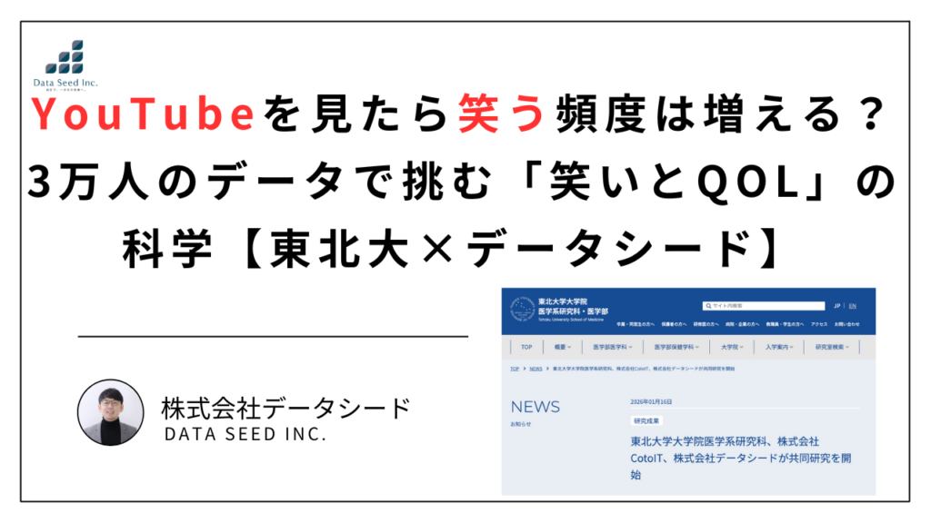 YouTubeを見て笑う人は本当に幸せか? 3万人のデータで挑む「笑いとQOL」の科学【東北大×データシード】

========

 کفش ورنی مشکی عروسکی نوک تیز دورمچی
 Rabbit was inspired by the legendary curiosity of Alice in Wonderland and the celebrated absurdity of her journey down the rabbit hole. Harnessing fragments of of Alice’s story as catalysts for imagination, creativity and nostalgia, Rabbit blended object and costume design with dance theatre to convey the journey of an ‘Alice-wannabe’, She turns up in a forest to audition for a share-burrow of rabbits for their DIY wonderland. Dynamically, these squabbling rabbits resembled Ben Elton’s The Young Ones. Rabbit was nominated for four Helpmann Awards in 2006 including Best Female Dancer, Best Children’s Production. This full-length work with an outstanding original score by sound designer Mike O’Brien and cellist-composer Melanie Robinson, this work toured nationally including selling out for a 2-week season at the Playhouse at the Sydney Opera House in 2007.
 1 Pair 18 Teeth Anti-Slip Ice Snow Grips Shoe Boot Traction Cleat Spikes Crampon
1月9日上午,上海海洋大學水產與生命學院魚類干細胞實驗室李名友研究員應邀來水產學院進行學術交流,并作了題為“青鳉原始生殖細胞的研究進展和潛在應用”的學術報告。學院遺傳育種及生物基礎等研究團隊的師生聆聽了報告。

========

_The problem:_ Return only the stretch of the material above from the line holding "Rabbit was inspired" through the line holding "1月9日上午,上海海洋大學水", copied exactly.

_Exercise output:_
 Rabbit was inspired by the legendary curiosity of Alice in Wonderland and the celebrated absurdity of her journey down the rabbit hole. Harnessing fragments of of Alice’s story as catalysts for imagination, creativity and nostalgia, Rabbit blended object and costume design with dance theatre to convey the journey of an ‘Alice-wannabe’, She turns up in a forest to audition for a share-burrow of rabbits for their DIY wonderland. Dynamically, these squabbling rabbits resembled Ben Elton’s The Young Ones. Rabbit was nominated for four Helpmann Awards in 2006 including Best Female Dancer, Best Children’s Production. This full-length work with an outstanding original score by sound designer Mike O’Brien and cellist-composer Melanie Robinson, this work toured nationally including selling out for a 2-week season at the Playhouse at the Sydney Opera House in 2007.
 1 Pair 18 Teeth Anti-Slip Ice Snow Grips Shoe Boot Traction Cleat Spikes Crampon
1月9日上午,上海海洋大學水產與生命學院魚類干細胞實驗室李名友研究員應邀來水產學院進行學術交流,并作了題為“青鳉原始生殖細胞的研究進展和潛在應用”的學術報告。學院遺傳育種及生物基礎等研究團隊的師生聆聽了報告。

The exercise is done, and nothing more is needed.